Q: Can I run more than one NGINX proxy in the same AKS cluster?

Yes, and it is a common production pattern, but every controller must have a distinct ingress class so they do not compete for the same ingress objects. A frequent setup runs a public controller with one class and an internal controller with another, so each ingress declares, through the class it names, whether it should be reachable from the internet or only from inside the network. The hazard is ambiguity: if two controllers can both claim an unclassed ingress, or if you rely on a default class that more than one controller might interpret, you get inconsistent routing where a rule is served by the wrong controller with the wrong configuration. Avoid that by giving each controller a unique IngressClass name, marking at most one class as default and only if you truly want unclassed ingresses adopted, and making every ingress object name its class explicitly. Diagnosing a conflict starts with listing the IngressClass resources and NGINX pods across namespaces to see how many controllers actually exist and which classes they own.

Q: What ports and traffic does the AKS ingress public IP expose?

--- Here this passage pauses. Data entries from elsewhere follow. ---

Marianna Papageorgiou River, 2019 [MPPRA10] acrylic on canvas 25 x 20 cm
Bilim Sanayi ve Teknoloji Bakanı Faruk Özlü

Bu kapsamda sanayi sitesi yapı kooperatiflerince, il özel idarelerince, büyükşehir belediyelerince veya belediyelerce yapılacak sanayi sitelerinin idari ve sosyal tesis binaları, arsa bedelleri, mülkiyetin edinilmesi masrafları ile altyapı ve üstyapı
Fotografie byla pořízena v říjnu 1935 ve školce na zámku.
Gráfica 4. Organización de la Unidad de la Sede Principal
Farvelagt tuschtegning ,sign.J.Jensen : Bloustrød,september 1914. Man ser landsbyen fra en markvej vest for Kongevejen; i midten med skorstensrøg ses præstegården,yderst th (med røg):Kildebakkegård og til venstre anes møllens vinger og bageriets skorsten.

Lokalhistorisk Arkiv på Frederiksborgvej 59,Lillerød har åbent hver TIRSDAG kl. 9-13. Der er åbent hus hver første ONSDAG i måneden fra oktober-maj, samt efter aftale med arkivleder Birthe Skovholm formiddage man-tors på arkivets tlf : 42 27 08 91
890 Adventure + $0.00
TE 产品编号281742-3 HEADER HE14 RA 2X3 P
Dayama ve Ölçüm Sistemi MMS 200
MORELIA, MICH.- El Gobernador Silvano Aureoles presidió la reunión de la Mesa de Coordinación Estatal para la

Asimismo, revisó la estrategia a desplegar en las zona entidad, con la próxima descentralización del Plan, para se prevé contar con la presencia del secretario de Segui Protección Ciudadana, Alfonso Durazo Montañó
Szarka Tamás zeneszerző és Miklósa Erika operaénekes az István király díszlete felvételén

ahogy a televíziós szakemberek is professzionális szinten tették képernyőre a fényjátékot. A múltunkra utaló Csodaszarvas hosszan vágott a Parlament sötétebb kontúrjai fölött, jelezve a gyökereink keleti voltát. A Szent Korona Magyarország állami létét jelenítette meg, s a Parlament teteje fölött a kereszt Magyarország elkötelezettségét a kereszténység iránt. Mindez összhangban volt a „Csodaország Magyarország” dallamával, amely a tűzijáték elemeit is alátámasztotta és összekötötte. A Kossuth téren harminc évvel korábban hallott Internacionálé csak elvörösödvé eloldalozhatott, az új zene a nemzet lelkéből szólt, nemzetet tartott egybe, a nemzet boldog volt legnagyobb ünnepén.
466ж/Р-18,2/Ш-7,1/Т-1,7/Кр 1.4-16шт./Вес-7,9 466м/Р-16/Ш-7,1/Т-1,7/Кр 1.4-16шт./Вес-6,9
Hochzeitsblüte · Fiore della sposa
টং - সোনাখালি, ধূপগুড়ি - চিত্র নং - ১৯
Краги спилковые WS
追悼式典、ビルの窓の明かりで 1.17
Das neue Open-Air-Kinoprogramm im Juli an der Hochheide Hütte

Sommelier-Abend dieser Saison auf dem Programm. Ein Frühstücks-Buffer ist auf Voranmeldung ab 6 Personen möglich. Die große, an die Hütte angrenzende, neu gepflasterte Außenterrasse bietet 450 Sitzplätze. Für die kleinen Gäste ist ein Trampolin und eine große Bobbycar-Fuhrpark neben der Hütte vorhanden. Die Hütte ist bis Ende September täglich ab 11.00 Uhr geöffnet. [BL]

The proxy’s LoadBalancer service typically exposes ports 80 and 443 on the public IP, forwarding HTTP and HTTPS into the proxy pods, which then terminate TLS and route by host and path to internal services. Everything behind the NGINX proxy stays as ClusterIP services, private to the cluster, so the public IP is the single inbound surface for web traffic. Because that one address is the front door for the whole cluster, it is a natural place to apply protection: restrict who can create or modify ingress objects, consider a web application firewall or Azure-level protection in front of the IP for internet-facing workloads, and apply network policy so the controller can only reach the backends it should. The plain HTTP port 80 generally exists to serve the ACME challenge and to redirect clients to HTTPS rather than to serve real traffic unencrypted, so confirm the redirect is in place. Treating the routing layer IP as the security boundary it is, rather than an incidental detail, is the difference between a controlled entry point and an open door.

Q: How do I make my AKS ingress and TLS setup reproducible as code?

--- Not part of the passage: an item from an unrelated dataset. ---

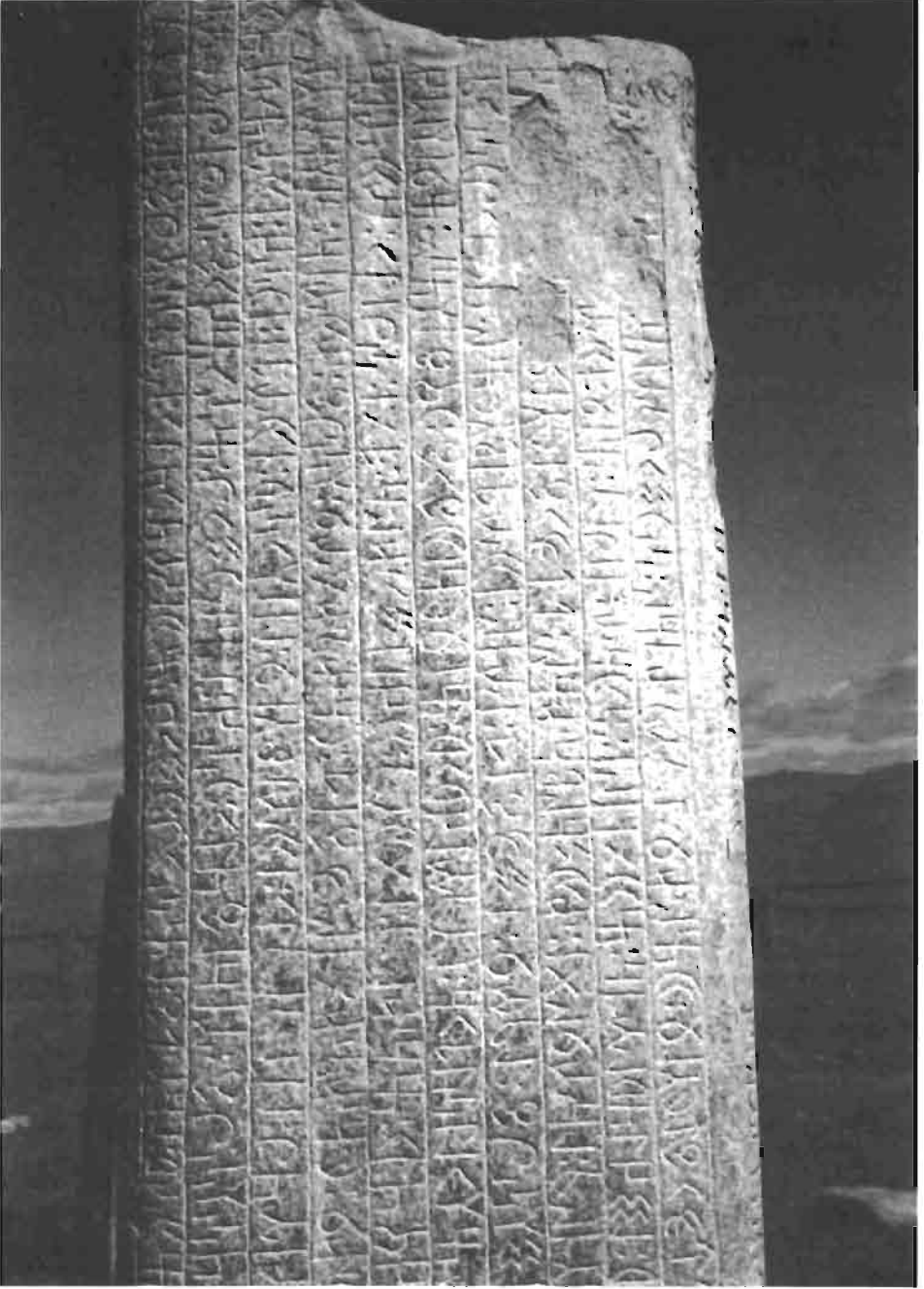
Resim : 2- Tonyukuk Anıtı'ndan ayrıntı (C. Alyılmaz'dan)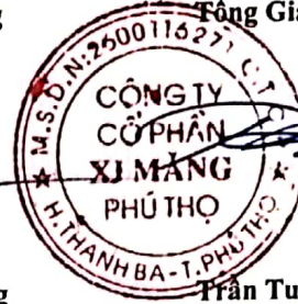
Trần Tuấn Đạt

Capture all three layers of the chain in version control. The controller and cert-manager are Helm releases, so pin their chart versions and record their configuration in committed values files rather than passing flags interactively, which fixes the proxy behavior across rebuilds. The ClusterIssuers and ingress objects are plain Kubernetes manifests that live in the same repository and apply through a pipeline or a GitOps controller that reconciles the repository against the cluster. The static public IP is an Azure resource rather than a Kubernetes object, so declare it in Bicep or Terraform alongside the cluster, created in the node resource group, and reference its address from the Helm values. The payoff is that you can destroy and recreate the cluster and have the same hostname serving the same content over the same certificate without manual DNS surgery, because the IP is stable and every layer rebuilds identically. A setup that survives a cluster rebuild untouched is the practical definition of reproducible, and it is the standard worth holding the configuration to.